▶ **PROVIDED DATA**:

===

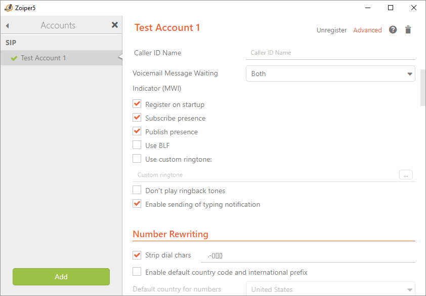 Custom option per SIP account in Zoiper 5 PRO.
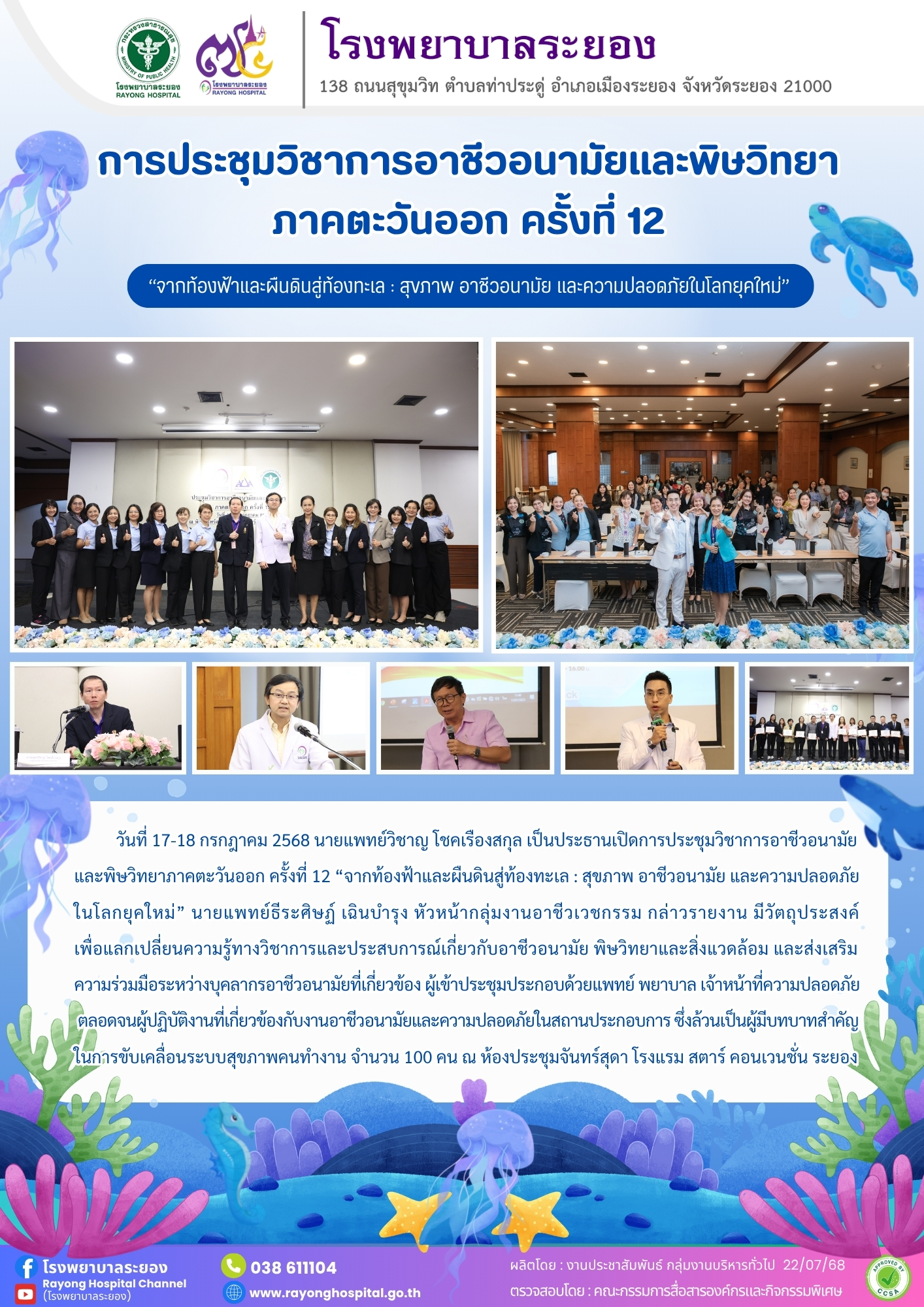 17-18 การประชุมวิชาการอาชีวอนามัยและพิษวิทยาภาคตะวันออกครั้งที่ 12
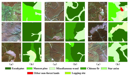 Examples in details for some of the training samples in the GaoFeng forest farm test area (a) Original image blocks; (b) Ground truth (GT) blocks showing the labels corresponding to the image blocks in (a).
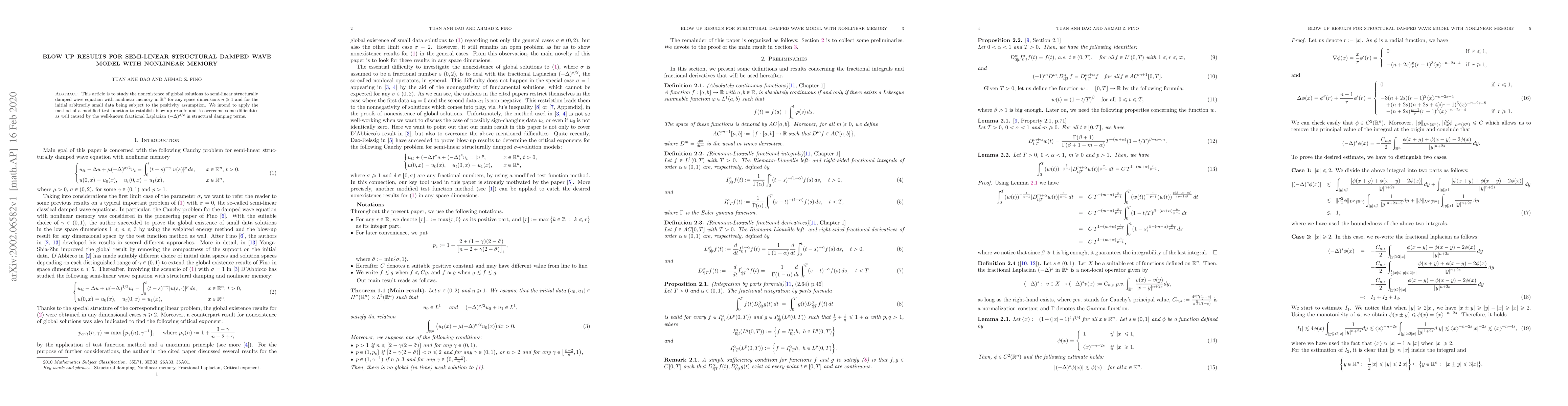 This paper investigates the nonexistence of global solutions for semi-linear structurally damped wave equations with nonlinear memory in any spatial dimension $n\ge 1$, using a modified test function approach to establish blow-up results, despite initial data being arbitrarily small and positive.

===

▶ **WHAT THE EXERCISE ASKS**:
Please write out the whole listing exactly, but not the pictures in it.

▶ **FINISHED TASK**:
 Custom option per SIP account in Zoiper 5 PRO.
 17-18 การประชุมวิชาการอาชีวอนามัยและพิษวิทยาภาคตะวันออกครั้งที่ 12
 Examples in details for some of the training samples in the GaoFeng forest farm test area (a) Original image blocks; (b) Ground truth (GT) blocks showing the labels corresponding to the image blocks in (a).
 This paper investigates the nonexistence of global solutions for semi-linear structurally damped wave equations with nonlinear memory in any spatial dimension $n\ge 1$, using a modified test function approach to establish blow-up results, despite initial data being arbitrarily small and positive.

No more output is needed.